Ideals, Morals, Beliefs, and Philosophies
Within your overarching principles you undoubtedly have a number of personal ideals, morals, beliefs, and philosophies that are important to you. These too have likely had an important part in forming who you are and how you live your life. How can you include your ideals, morals, beliefs, and philosophies into your estate plan? By focusing in creating a legacy plan instead of a basic estate plan. There are a virtually limitless number of opportunities to incorporate your ideals, morals, beliefs, and philosophies into a legacy plan.

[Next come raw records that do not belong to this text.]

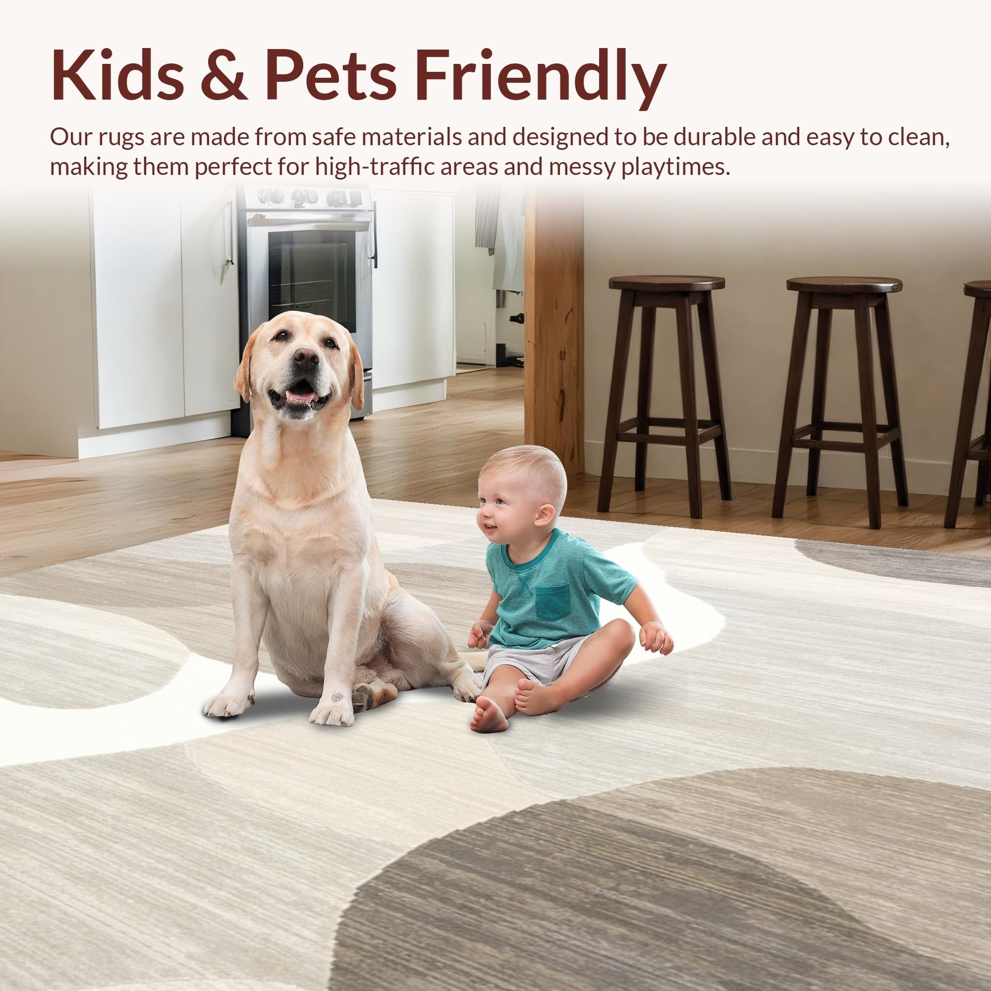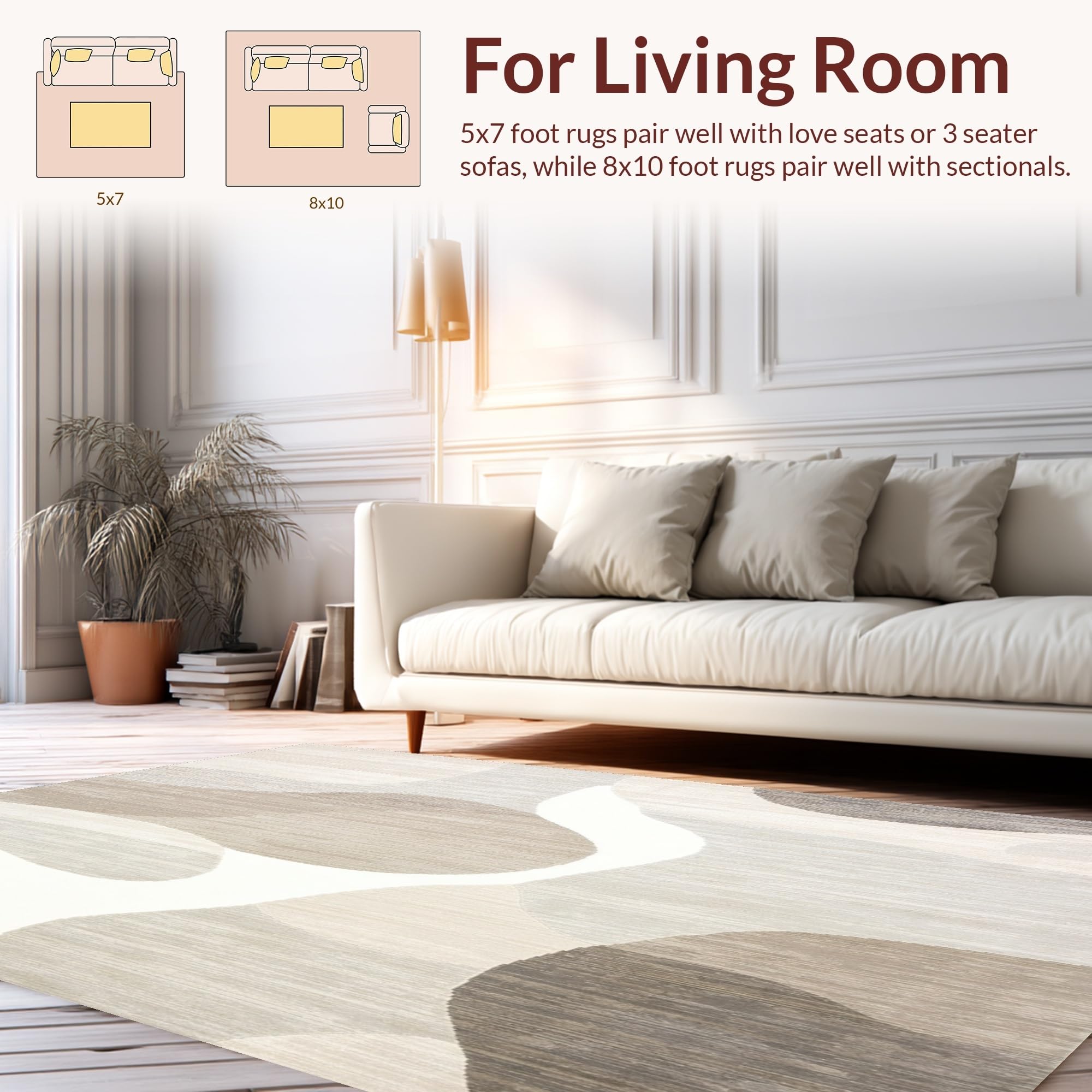 Ultra Soft Area Rug, Non Slip, Stain Resistant, Washable Area Rugs for Living Room, Bedroom, Modern Abstract Swirls Area for Contemporary Home Decor(Beige) Overview:
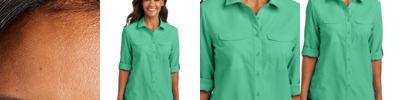 Sun and moisture are no problem for this versatile, lightweight, highly breathable shirt. Relaxed styling makes it perfect for outdoor or indoor wear. 2.2-ounce, 100% polyester poplin 2.5-ounce, 100% polyester poplin (White) Moisture-wicking UPF rating of 30 Straight collar Dyed-to-match buttons Two chest pockets with concealment flaps and hook and loop closures Roll sleeves with button tabs Vented back panel with mesh ventilation Rounded hem
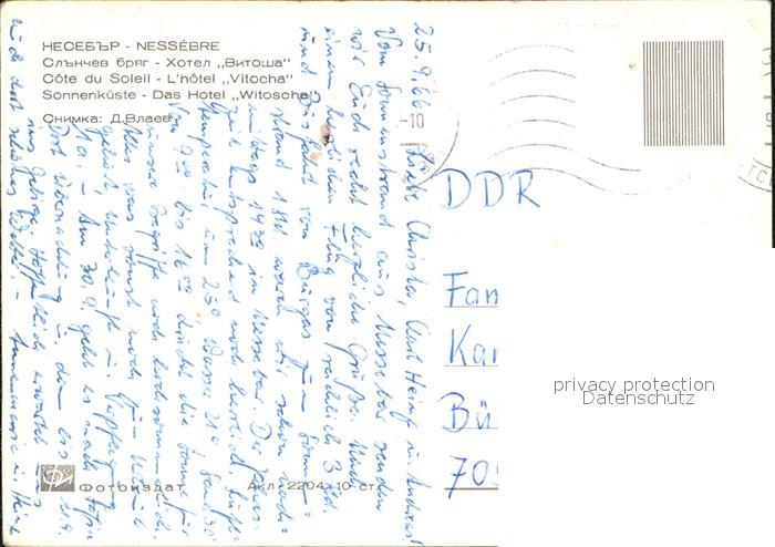 old postcard Nessebar Nessebyr Nessebre Sonnenkueste Hotel Witoscha postalisch gelaufen Erhaltung siehe scans [LiesaD40 kt122box]

Charitable gifting frequently plays a major role in legacy planning. For some, their church or other religious affiliation is at the center of their desire for charitable gifting. Others may focus on things such as the environment, politics, space exploration, animals, or any other cause that is important. If philanthropy is part of your life now, why shouldn’t it be part of your estate planning? Legacy planning makes that happen by focusing on how you can continue to give to the causes that matter to you long after your death. Common ways to accomplish this include:
- Direct gifts – a direct gift is a one-time gift to a charitable organization to be used as the organization sees fit.
- Charitable trusts – establishing a charitable trust allows you to have more control over how your assets are used. The trust terms you create will dictate how, when, and for what purpose the assets held by the trust can be used. If the environment is important to you, for example, you might create a trust with trust terms that only allow distributions to companies/organizations that have a record of environmentally friendly practices.
- Foundations – creating a foundation is the ultimate in philanthropic giving. It also allows you to involve future generations in your gifting. Your children, for instance, could lead the foundation into the future, using principles and guidelines you establish now.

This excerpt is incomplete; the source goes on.